Some years ago I went looking for a hand plane -- you know what I mean:

... and the best I could do in my local upper west side hardware store was the same kind of slightly approximate imitation of a generations-old First World product. The plane came from India.

I plan to keep the Chinese drill on the boat and the Indian plane at home, lest they fall to quarreling over Tibet.

Ishmael took his van into the garage in Wellfleet, where it lives during the winter, and I sailed the Scapegrace from Sesuit into Wellfeleet harbor, and we set off for Down East in the afternoon.

Day Twelve is not quite over, but I'll leave the rest of it for another entry.

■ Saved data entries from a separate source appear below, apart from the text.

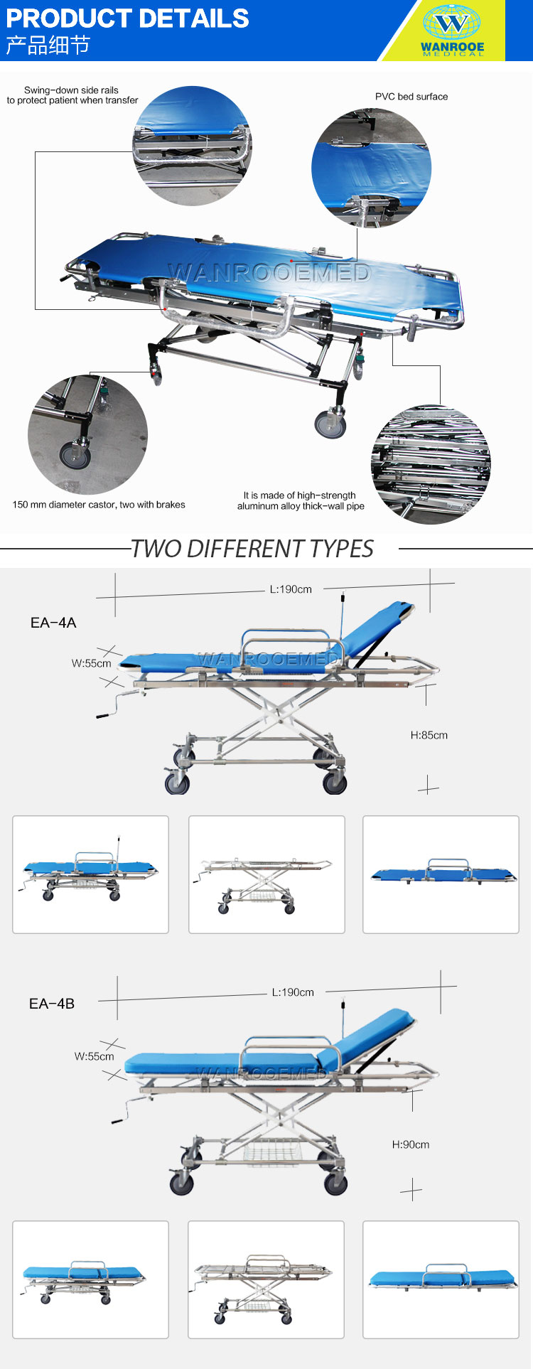 Civière d'ambulance en acier inoxydable de secours médical EA-4A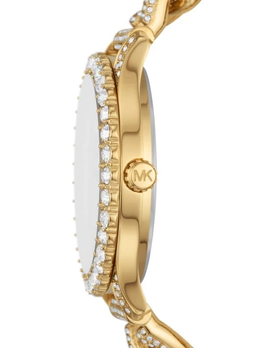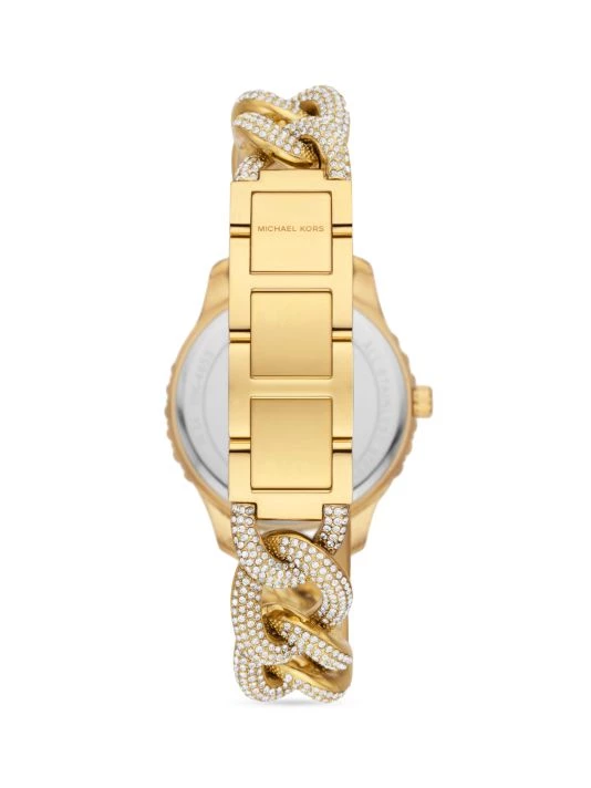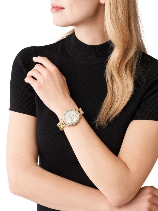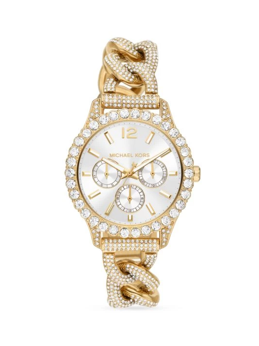 From the Layton Collection. Defined by the sparkling crystal adornments, Michael Kors’ stunning multifunctional goldtone watch is detailed with a polished case, three sub-dials, and a chunky chain-link bracelet.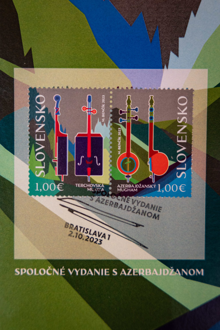 Ocenená poštová známka počas podujatia Deň poštovej známky a filatelie spojeného s udeľovaním ocenení autorom najkrajších slovenských poštových známok za rok 2023. Bratislava, 18. december 2023. Foto: SITA/Jana Birošová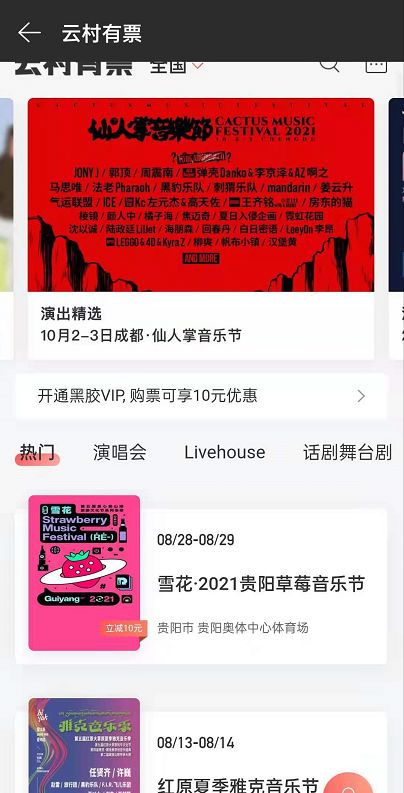 网易云 音乐 既可以观看演出,还可以在这里购买线下演出的票务。那么具体的购买地址在哪里呢?喜欢看演出的小伙伴就来看看小编带来的介绍吧,希望看完之后可以对你有所帮助。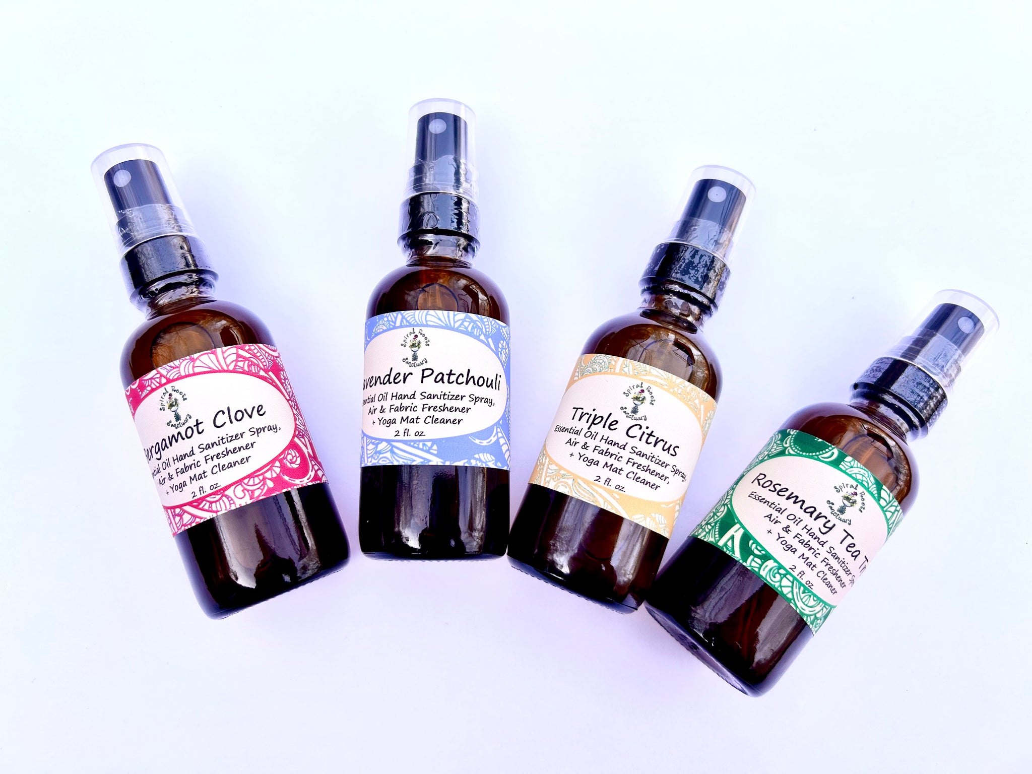 Infuse your space with the calming, earthy fragrance of Lavender and Patchouli. This all-natural essential oil spray is perfect for cleaning your yoga mat, freshening your room, or using as a body spray after a long day. The unique blend of these two oils provides a grounding and soothing aroma, making it an essential for yoga teachers, music festival goers, and anyone seeking a natural, clean fragrance.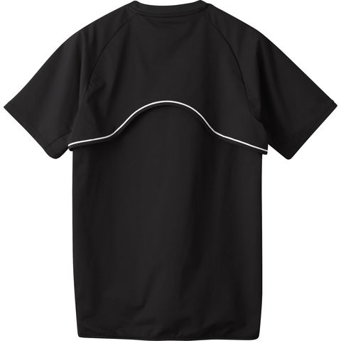 衣服内のムレを軽減することで、快適な着心地を実現した半袖バレーボールピステです.背面のベンチレーションから、衣服内に空気を取り込みことで、蒸れた空気を輩出し、体温上昇による不快感を軽減します.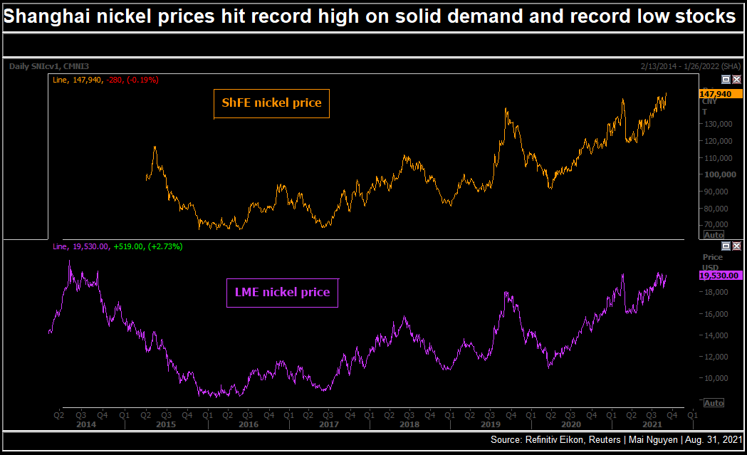nickel-prices Jackson Chen | August 31, 2021 | 10:24 am Nickel prices record Share Comments Cancel replyYour email address will not be published. Required fields are marked * Save my name, email, and website in this browser for the next time I comment. Δ No comments found. More News Trafigura’s Nyrstar ships first antimony batch from Australia plant The Port Pirie facility has the potential to produce up to 5,000 tons of antimony per year. February 16, 2026 | 07:16 am {{ commodity.name }} {{ post.title }} {{ post.excerpt }} {{ post.date }} First < {{ page }} > Last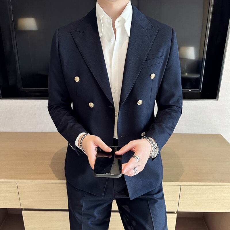 繊細なダーツが美しいシルエットを作る、ダブルブレストのスリムフィットスーツ2点セットです。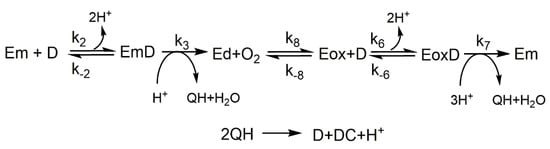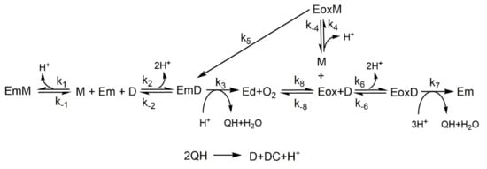 Applying the steady-state approximation for EoxD and EoxM in Scheme 1, and taking into account the relationship of the velocities between the catalytic stages, as discussed above [8], it is fulfilled: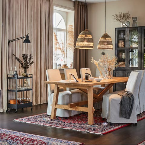 Maddock er et praktisk spisebord som kan forlenges med opptil 2 stk ileggsplater. Bordplaten er av FSC®-sertifisert semimassiv brunoljet eik. Det betyr at øverste del av bordplaten består av 3 mm massiv eikefiner, noe som gjør bordet meget holdbart. Bordbena, som er av svart pulverlakkert metall, er plassert slik at man får maksimal utnyttelse med stoler rundt bordet. Dersom du trenger et større spisebord, kan du forlenge bordet til 185 cm med 1 stk ileggsplate, eller til 235 cm med 2 stk ileggsplater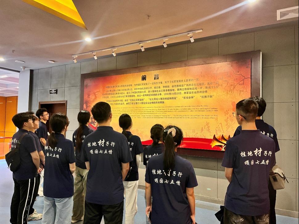 为深刻领会习近平总书记关于加强青少年爱国主义教育重要论述精神,树立爱党报国信念。2024年7月14日,桂林理工大学材料科学与工程学院“桂地材子行,颂国七五情”爱国主义教育实践团正式踏上了前往爱国主义教育的第一站——中国红军第七军第八军乐业会师纪念馆。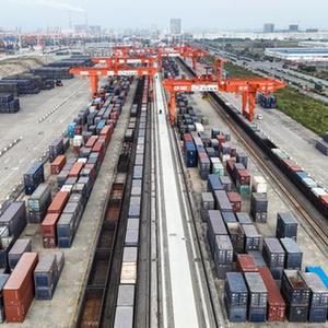 火車(chē)在欽州港碼頭裝運集裝箱(11月12日攝,無(wú)人機照片)。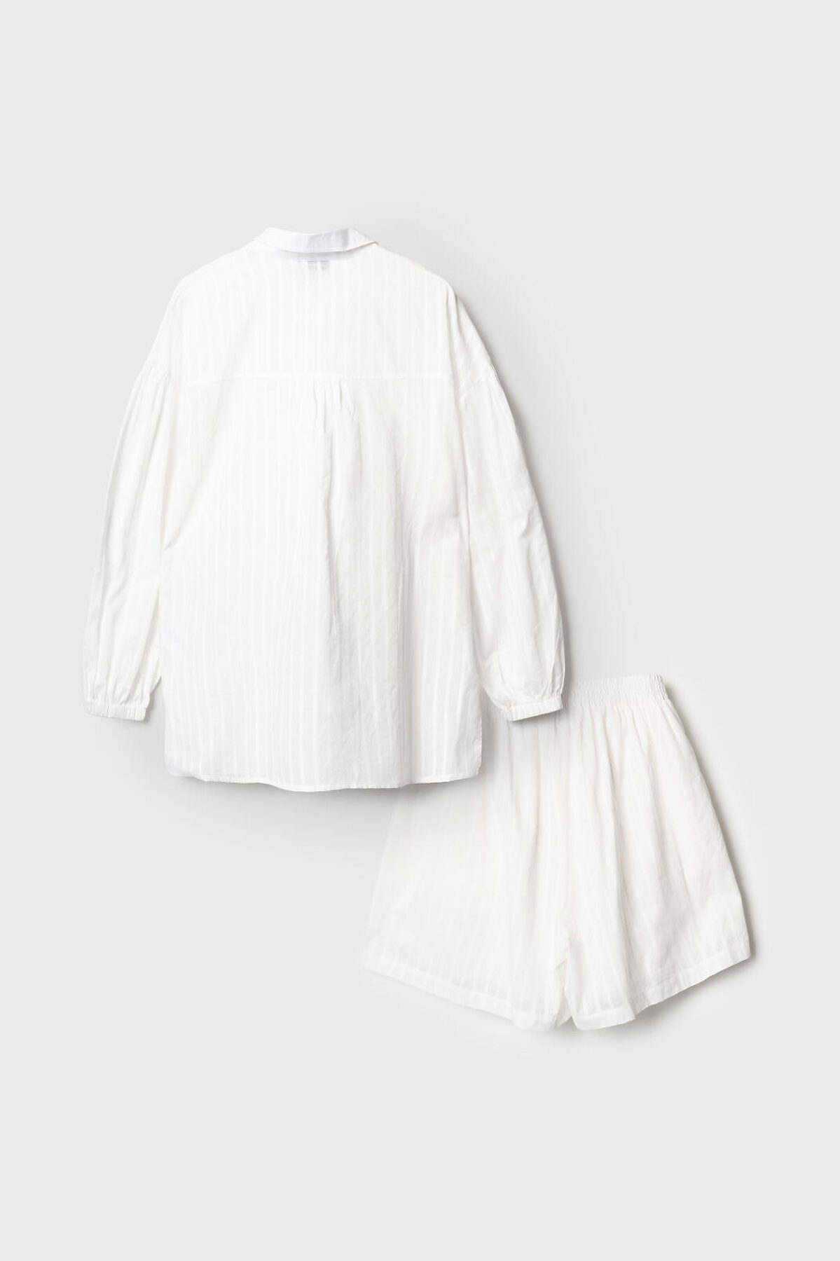Легкий женский хлопковый костюм. Рубашка оверсайз с длинным рукавом и застежкой на пуговицы. Классический воротник, боковые разрезы. Манжеты на резинке. Свободные шорты на резинке.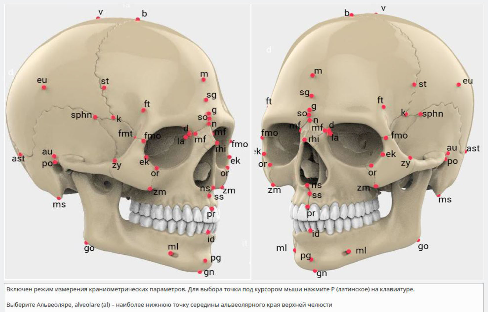 С использованием программы определялись краниометрические точки по Р. Мартину с учетом поправок В. П. Алексеева и Г.Ф. Дебеца (1964): альвеоляре (al), базион (ba), брегма (b), глабелла (g), дакрион (d), зигион (zy), зигомаксилляре (zm), назион (n), назоспинале (ns), назолатерале (nl), опистокранион (op), простион (pr), фронто-маляре-темпорале (fmt), эурион (eu) (рис. 2, 3).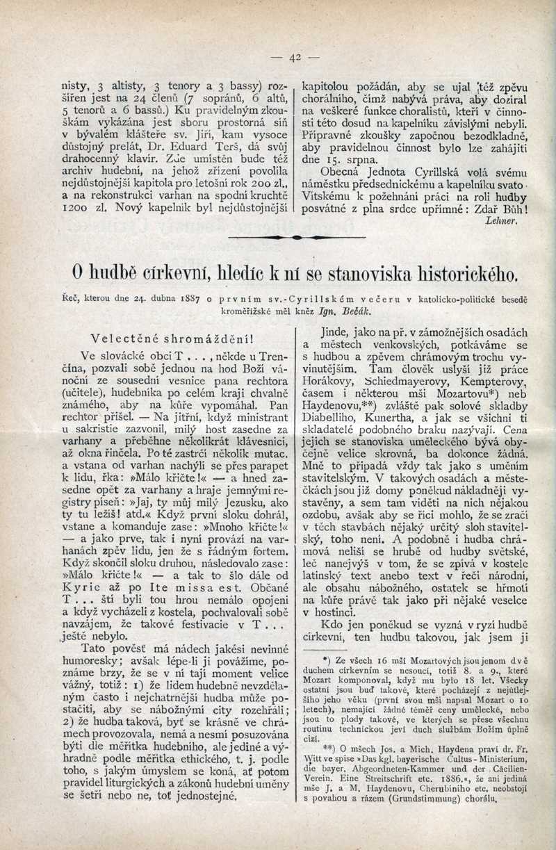 O hudbě církevní, hledíc k ní se stanoviska historického Ročník: 1887; strana: 42, Přepis ke stažení ve formátu MS Word [0 kB]

  1. The picture of the REAL brace and bit didn't come through, so I'm going to go take one of ours (which I use in the spring, with a 7/16 bit, for sugaring). I'll send it along.
    You would have just as much trouble finding an egg beater, I bet.
    I know you've seen the Hopper paintings of the Cape. My memories are of sandy pastures, wild roses and mullein, shingle houses, learning to swim in Scargo Pond, and going to see the phosphorescence in the bay -- that was magical. I wonder if that still happens.

  2. The ponds are still nice -- they're whatchacallit, kettles? Places where a big leftover chunk of glacier finally melted? Ishmael knows all about it. And the phosphorescence still phosphoresces. It's probably a lot less rural and a lot more suburbanized than in your day but it's not ruined, like other places I've already mentioned too much on this blog.